[Entries taken from a collection]
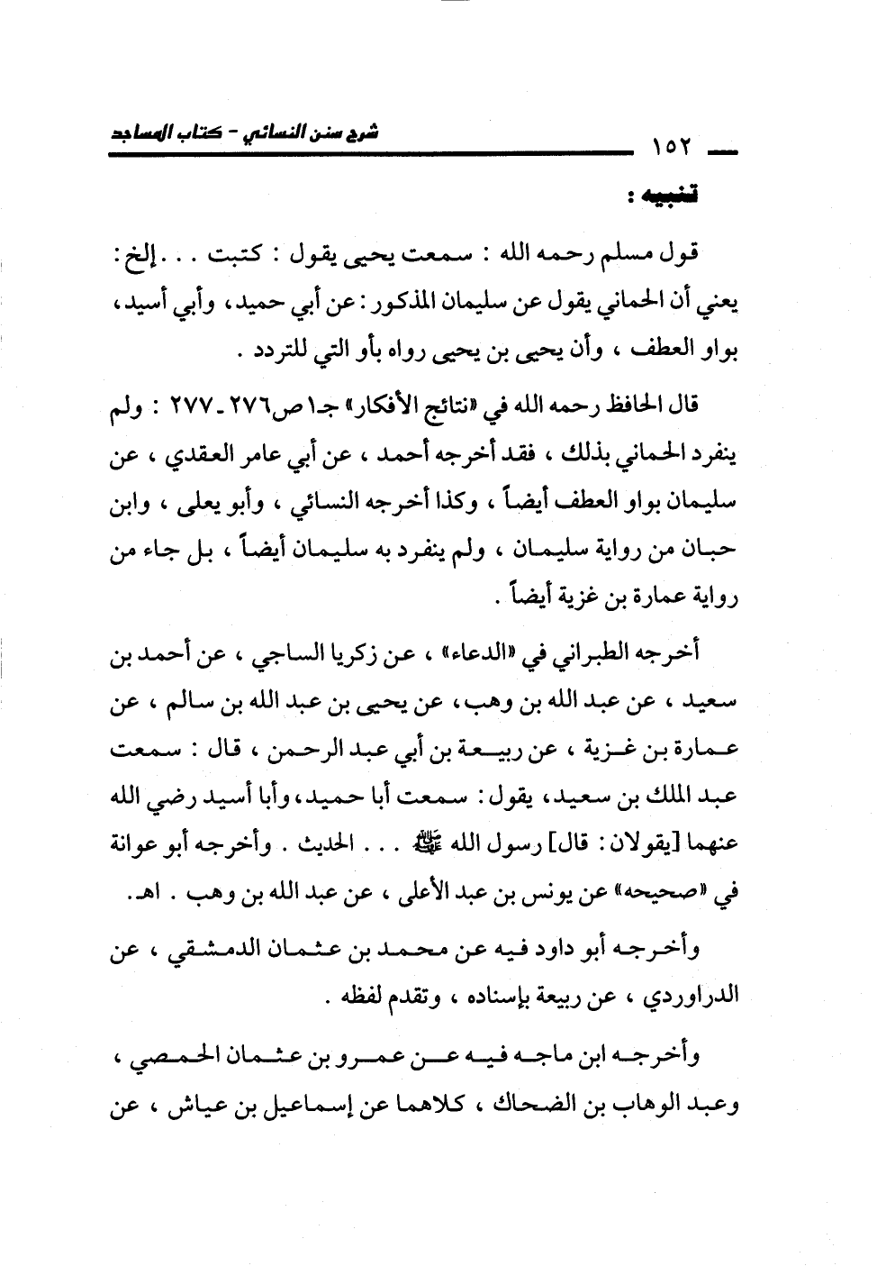 قال الحافظ رحمه الله في "نتائج الأفكار" جـ 1 ص 276 - 277: ولم ينفرد الحماني بذلك، فقد أخرجه أحمد، عن أبي عامر العقدي، عن سليمان بواو العطف أيضًا، وكذا أخرجه النسائي، وأبو يعلى، وابن حبان من رواية سليمان، ولم ينفرد به سليمان أيضًا، بل جاء من رواية عمارة بن غزية أيضًا.
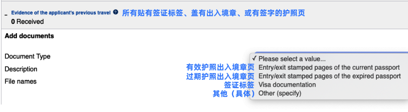 Q:已填写P17签证历史的情况下,不出现 Evidence of the applicant's previous travel 项,怎么办?
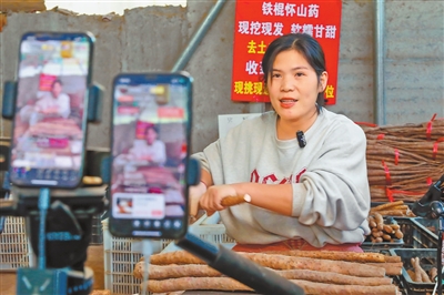 在武陟县大封镇的一家怀药种植专业合作社,社员在直播销售怀山药。 王琳锋 摄
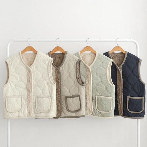 [옷자락] 여자 뽀글이 물결 퀼팅 포켓 베이직핏 겨울 양털 조끼
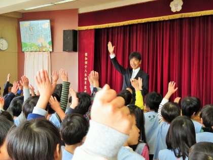 砧幼稚園も今日が始業式です。子どもたちは元気いっぱいで、話を聞く姿勢も背筋がピンと伸びていて立派でした。
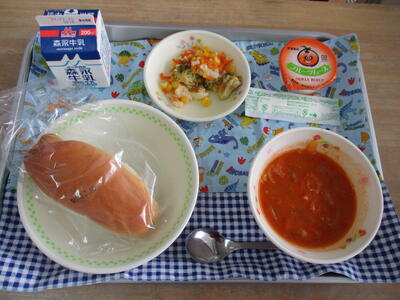 今日の給食のおかずは「かぼちゃポタージュ、鶏肉のマーマレード焼き、キャベツのサラダ」でした。週に1度のパンの日。ほかほかのポタージュで体の中もあたたまりました。

▶ _Task directions_:
Could you give all the records again, exactly, minus the pictures?

▶ _Output_:
 قال الحافظ رحمه الله في "نتائج الأفكار" جـ 1 ص 276 - 277: ولم ينفرد الحماني بذلك، فقد أخرجه أحمد، عن أبي عامر العقدي، عن سليمان بواو العطف أيضًا، وكذا أخرجه النسائي، وأبو يعلى، وابن حبان من رواية سليمان، ولم ينفرد به سليمان أيضًا، بل جاء من رواية عمارة بن غزية أيضًا.
 Q:已填写P17签证历史的情况下,不出现 Evidence of the applicant's previous travel 项,怎么办?
 在武陟县大封镇的一家怀药种植专业合作社,社员在直播销售怀山药。 王琳锋 摄
 [옷자락] 여자 뽀글이 물결 퀼팅 포켓 베이직핏 겨울 양털 조끼
 砧幼稚園も今日が始業式です。子どもたちは元気いっぱいで、話を聞く姿勢も背筋がピンと伸びていて立派でした。
 今日の給食のおかずは「かぼちゃポタージュ、鶏肉のマーマレード焼き、キャベツのサラダ」でした。週に1度のパンの日。ほかほかのポタージュで体の中もあたたまりました。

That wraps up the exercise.